▶ **Problem to work on**
Where the records below show a line containing "Extended length X-pipe", start copying; end with the line containing "استقبل رئيس الجامعة،", and copy it too.

[Entries taken from a collection]
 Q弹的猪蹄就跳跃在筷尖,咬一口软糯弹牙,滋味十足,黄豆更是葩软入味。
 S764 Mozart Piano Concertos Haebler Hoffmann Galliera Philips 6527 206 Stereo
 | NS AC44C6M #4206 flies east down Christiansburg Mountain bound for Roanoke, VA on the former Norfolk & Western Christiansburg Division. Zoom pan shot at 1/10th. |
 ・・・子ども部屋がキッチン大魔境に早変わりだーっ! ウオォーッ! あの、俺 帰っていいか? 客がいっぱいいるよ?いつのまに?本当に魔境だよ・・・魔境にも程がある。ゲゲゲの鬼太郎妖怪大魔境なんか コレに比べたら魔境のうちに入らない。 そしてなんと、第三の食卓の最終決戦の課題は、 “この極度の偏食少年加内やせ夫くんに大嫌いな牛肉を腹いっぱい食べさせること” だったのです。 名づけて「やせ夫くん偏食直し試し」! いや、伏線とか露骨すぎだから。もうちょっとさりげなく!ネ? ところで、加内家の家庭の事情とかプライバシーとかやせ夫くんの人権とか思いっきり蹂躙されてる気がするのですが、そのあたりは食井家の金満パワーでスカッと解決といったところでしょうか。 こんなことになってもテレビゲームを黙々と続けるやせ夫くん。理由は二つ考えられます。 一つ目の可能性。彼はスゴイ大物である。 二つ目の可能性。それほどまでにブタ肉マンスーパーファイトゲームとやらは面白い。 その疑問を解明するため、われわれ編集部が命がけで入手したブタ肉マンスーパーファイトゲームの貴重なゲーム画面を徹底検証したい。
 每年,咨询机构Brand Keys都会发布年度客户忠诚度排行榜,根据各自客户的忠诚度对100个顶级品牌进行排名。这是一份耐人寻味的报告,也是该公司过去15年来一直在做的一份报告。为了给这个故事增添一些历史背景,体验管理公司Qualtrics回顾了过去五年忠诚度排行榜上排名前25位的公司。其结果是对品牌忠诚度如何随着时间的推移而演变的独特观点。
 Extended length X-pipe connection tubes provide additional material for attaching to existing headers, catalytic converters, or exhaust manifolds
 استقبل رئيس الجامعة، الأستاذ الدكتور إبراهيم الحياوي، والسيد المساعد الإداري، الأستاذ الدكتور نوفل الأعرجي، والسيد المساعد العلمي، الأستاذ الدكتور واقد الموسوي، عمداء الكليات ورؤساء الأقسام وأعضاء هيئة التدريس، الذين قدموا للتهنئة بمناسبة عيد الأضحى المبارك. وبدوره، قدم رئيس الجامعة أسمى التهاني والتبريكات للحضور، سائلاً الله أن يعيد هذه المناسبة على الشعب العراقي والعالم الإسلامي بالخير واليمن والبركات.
--
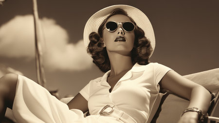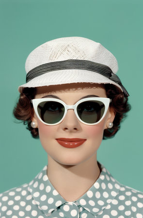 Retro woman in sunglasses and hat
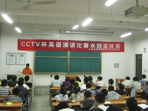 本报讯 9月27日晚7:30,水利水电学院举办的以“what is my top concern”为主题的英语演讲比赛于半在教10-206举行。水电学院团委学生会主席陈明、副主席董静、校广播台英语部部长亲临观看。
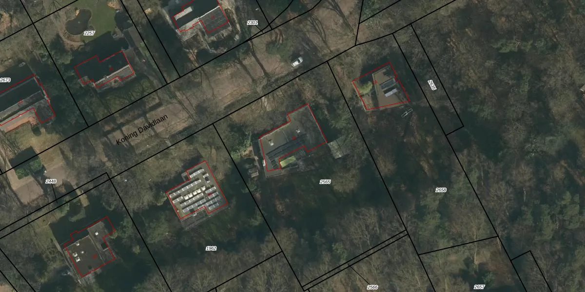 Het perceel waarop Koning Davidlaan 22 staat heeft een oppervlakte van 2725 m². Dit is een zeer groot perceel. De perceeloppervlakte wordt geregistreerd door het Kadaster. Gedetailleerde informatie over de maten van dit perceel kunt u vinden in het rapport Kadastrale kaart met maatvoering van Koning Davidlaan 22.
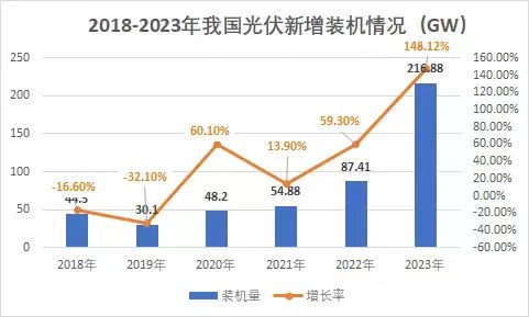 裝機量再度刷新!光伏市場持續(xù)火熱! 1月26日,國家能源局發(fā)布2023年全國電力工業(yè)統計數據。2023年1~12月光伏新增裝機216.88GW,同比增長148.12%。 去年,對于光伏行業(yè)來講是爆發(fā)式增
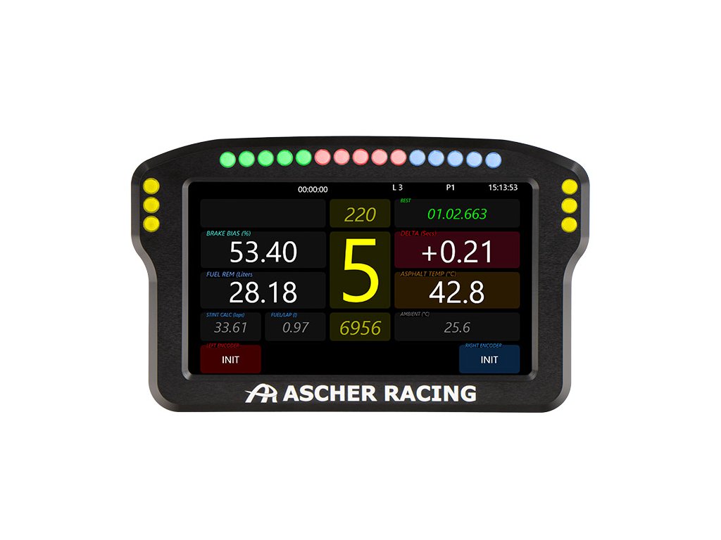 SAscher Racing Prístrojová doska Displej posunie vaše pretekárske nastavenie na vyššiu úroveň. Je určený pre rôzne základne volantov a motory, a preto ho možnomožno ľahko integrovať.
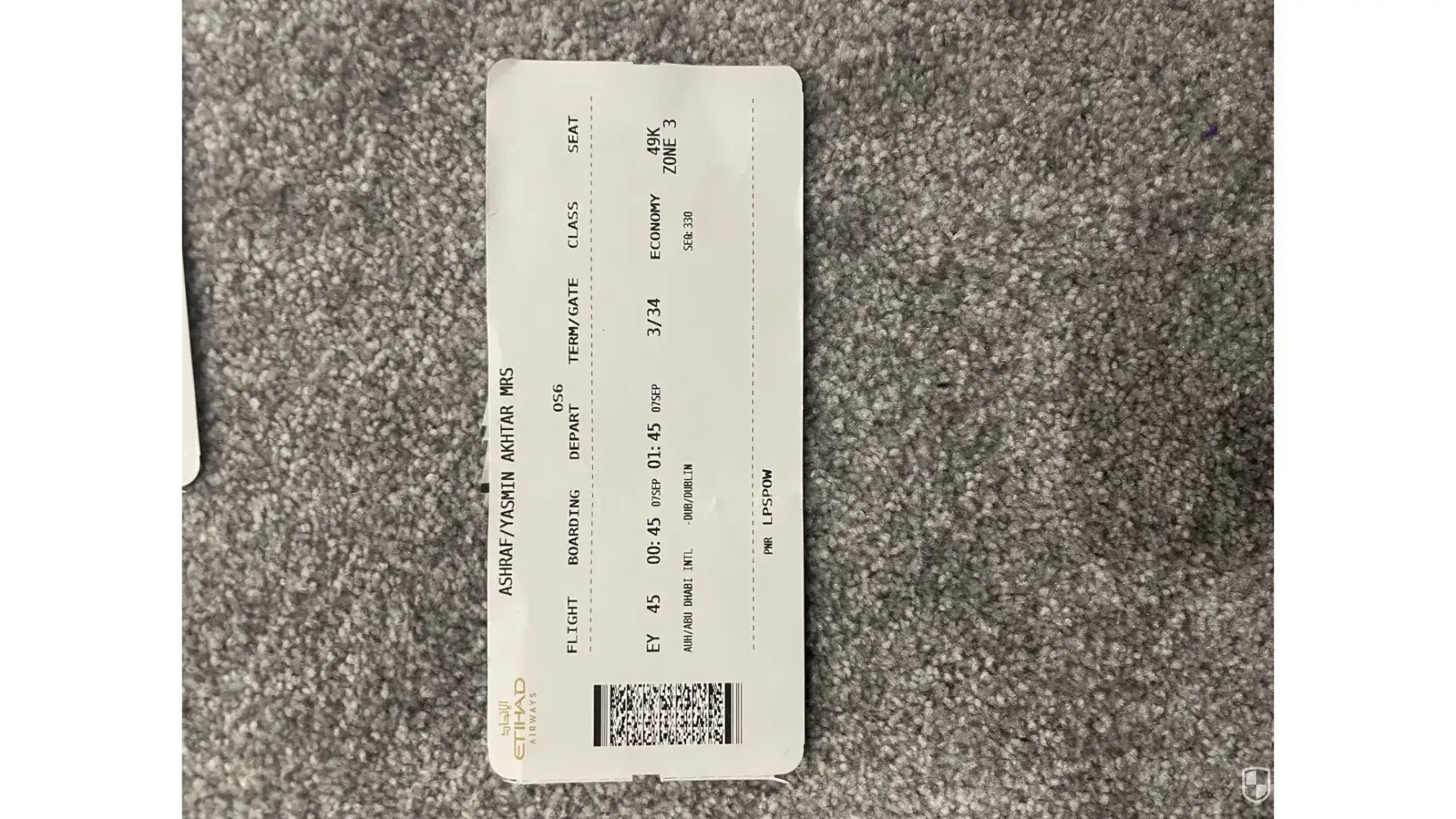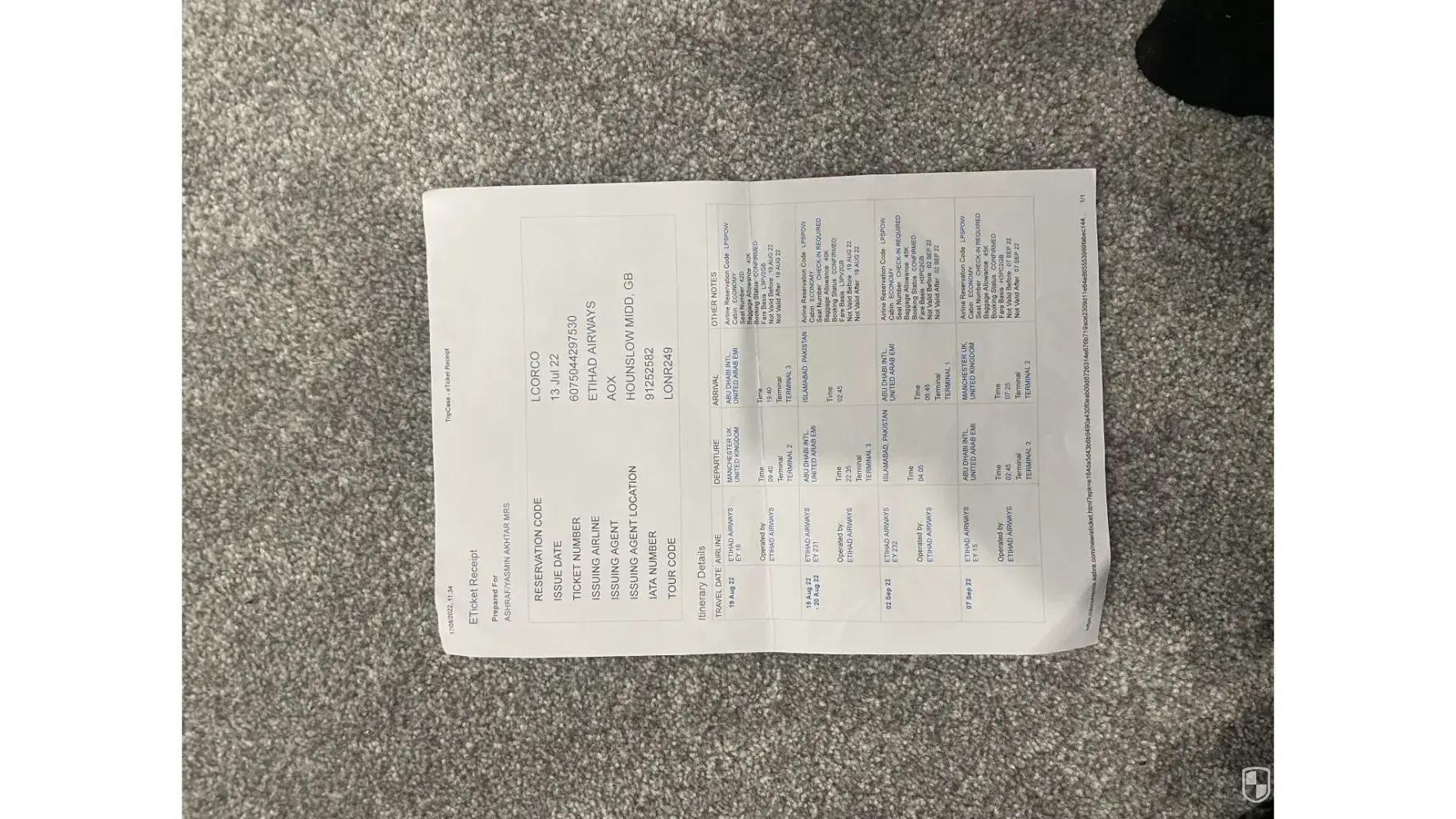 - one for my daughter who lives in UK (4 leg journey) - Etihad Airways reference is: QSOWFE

▶ **Expected answer**
 Extended length X-pipe connection tubes provide additional material for attaching to existing headers, catalytic converters, or exhaust manifolds
 استقبل رئيس الجامعة، الأستاذ الدكتور إبراهيم الحياوي، والسيد المساعد الإداري، الأستاذ الدكتور نوفل الأعرجي، والسيد المساعد العلمي، الأستاذ الدكتور واقد الموسوي، عمداء الكليات ورؤساء الأقسام وأعضاء هيئة التدريس، الذين قدموا للتهنئة بمناسبة عيد الأضحى المبارك. وبدوره، قدم رئيس الجامعة أسمى التهاني والتبريكات للحضور، سائلاً الله أن يعيد هذه المناسبة على الشعب العراقي والعالم الإسلامي بالخير واليمن والبركات.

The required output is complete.